Java-xmx70g-jar $gatk-T varianteval-r $ref _dir/genome.fa--eval:allsamples $vcf _dir/allsamples_t90-97.bothrecal.vcf -O $other _dir/allsamples_t90.eval.gatkreport-d $ref _dir/dbsnp_137.hg19.vcf-st sample-st Filter-noev-ev Titvvariantevaluator
Java-xmx70g-jar $gatk-T varianteval-r $ref _dir/genome.fa--eval:allsamples $vcf _dir/allsamples_t90-97.bothrecal.vcf -O $other _dir/allsamples_t90.eval_1.gatkreport-d $ref _dir/dbsnp_137.hg19.vcf-st sample-st Filter-noev-ev Compoverlap-ev Countvariants-ev Indelsummary-ev Multiallelicsummary-ev validationreport

This step is very memory-intensive, so sometimes you have to run multiple times, producing a portion of the results each time.

-st Each of the sample is counted separately.

-noev because EV includes too many options, all run is a bit overwhelming, so disable it, and then use-ev flag to select the indicators we are interested in to summary.

This article comes from:

Http://blog.sina.com.cn/s/blog_681aaa550101bhdc.html

Http://blog.sina.com.cn/s/blog_681aaa550101cdmk.html

gatk--Use Reprint

Contact Us

The content source of this page is from Internet, which doesn't represent Alibaba Cloud's opinion; products and services mentioned on that page don't have any relationship with Alibaba Cloud. If the content of the page makes you feel confusing, please write us an email, we will handle the problem within 5 days after receiving your email.

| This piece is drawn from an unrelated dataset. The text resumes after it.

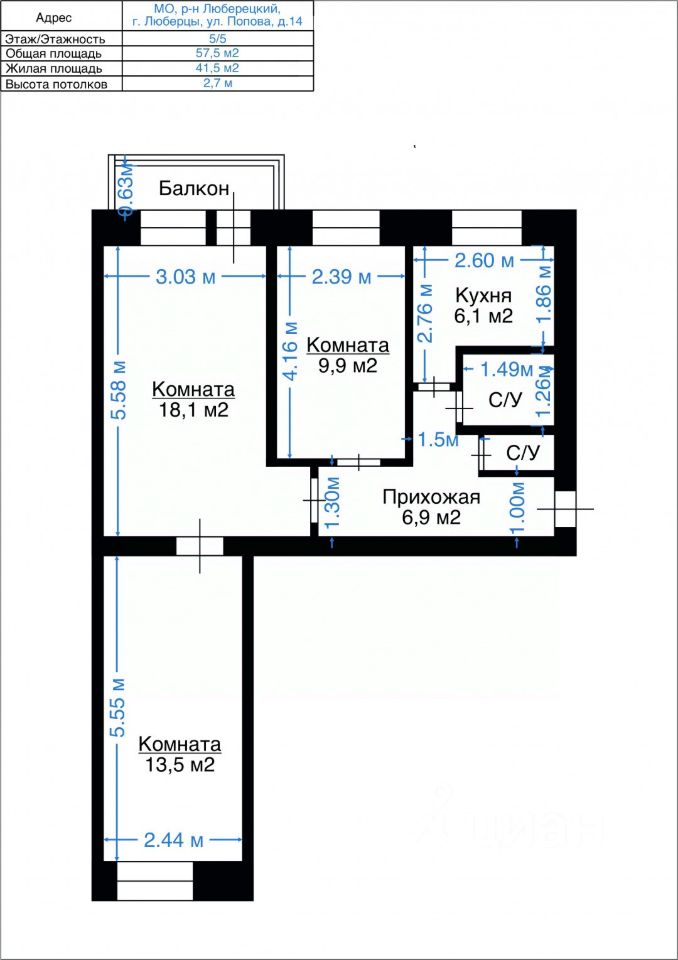 57,5 м²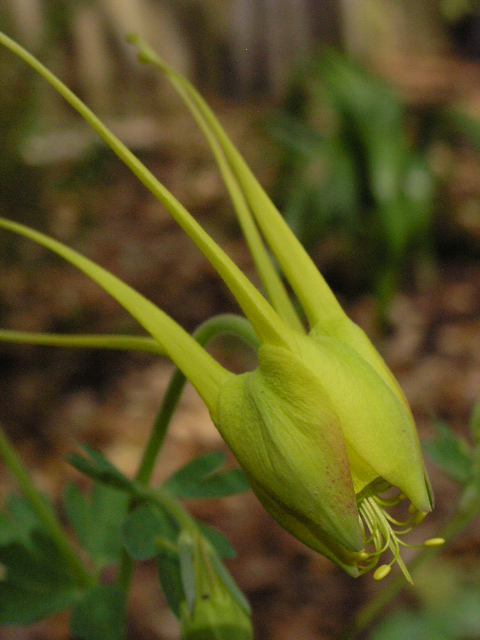 Looking like some brightly-colored horror picture monster, the Texas Gold Columbine (Aquilegia chrysantha var. hinckleyana) has several flowers that have not quite opened.

If you find any instances of plagiarism from the community, please send an email to: info-contact@alibabacloud.com and provide relevant evidence. A staff member will contact you within 5 working days.

A Free Trial That Lets You Build Big!

Start building with 50+ products and up to 12 months usage for Elastic Compute Service

  • Sales Support

    1 on 1 presale consultation

  • After-Sales Support

    24/7 Technical Support 6 Free Tickets per Quarter Faster Response

  • Alibaba Cloud offers highly flexible support services tailored to meet your exact needs.